Former Maryland governor Parris N. Glendening (D), president of Smart Growth America’s Leadership Institute, urged the board to stick with the underground station. He recalled the fight over where to locate the College Park Metro station during his tenure as Prince George’s County executive. The station, he said, should have been located in the heart of the University of Maryland’s campus to encourage more students to take Metro to classes and basketball games.
“You don’t buy the cheapest car, the cheapest suit or the cheapest food product. We buy something healthy that’s going to last,” Glendening said. “Yes, we may have to pay a little more now, but if we really do it correctly, it’s an investment that’s going to pay off.”
But in choosing the underground option, the board rejected the advice of airports authority President and Chief Executive Officer E. Lynn Hampton and the Metropolitan Washington Airlines Committee, which represents the airlines serving National and Dulles airports.
Chief among the concerns of local officials is the cost to taxpayers and toll road users. A major chunk of the project — more than 50 percent — would be paid for with revenue from future toll increases.
The airports authority financial analysis shows, however, that the location of the airport station will have a minimal effect on how much commuters on the toll road pay. What is critical to the financing plan — and the price of tolls — is the award of a low-interest loan from the federal government through the Transportation Department.
The $2 one-way fare would have to to double to $4 in 2015 with the loan. Without it, according to the analysis, tolls would have to rise to at least $5 and increase to more than $10 in 2020.
Virginia Transportation Secretary Sean T. Connaughton called the board’s expectation of a $1.7 billion loan “simply not realistic.”
“No one in the history of the program has received that much money, and there isn’t that much money available. You’re building a house on sand,” he said.
The Metrorail project is one of 40 nationwide that have expressed interest this year in the federal financing pool of $1.1 billion. In past years, the program awarded a $516 million loan for the Intercounty Connector and $589 million for the Beltway HOT lanes.
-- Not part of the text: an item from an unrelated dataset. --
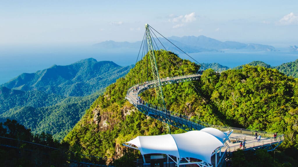 У вершины горы Gunung Mat Cincang, куда можно подняться на канатной дороге, расположен знаменитый изогнутый подвесной мост Sky Bridge. С него открывается панорама джунглей, островков и Андаманского моря. Отличное место для впечатляющих фото.
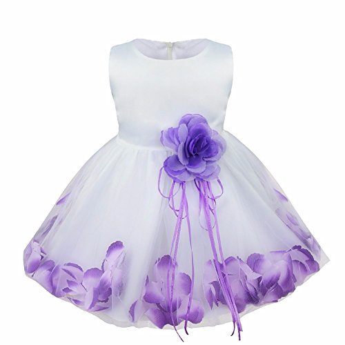 (イーエフイー)EFE ベビー フォーマルドレス 子供ワンピース 大きい花|花弁飾り|3層スカート 結婚式|入園式 7色 60/65/70/75/80 パープル 60

Despite their differences, the stakeholders have a shared interest in finding common ground when they meet Wednesday with LaHood. A successful loan application depends on cooperation among the local partners — and LaHood, who signs off on the loans.
Brown, the finance committee chairman, acknowledged the competitiveness of the loan process but noted that the board’s financial consultant helped set up the DOT program and is well-versed in navigating the system.
“Our advisers would never have submitted a request that size if we didn’t believe it was feasible,” he said, adding that the board would stick with its decision “until we conclude it’s not financially feasible.”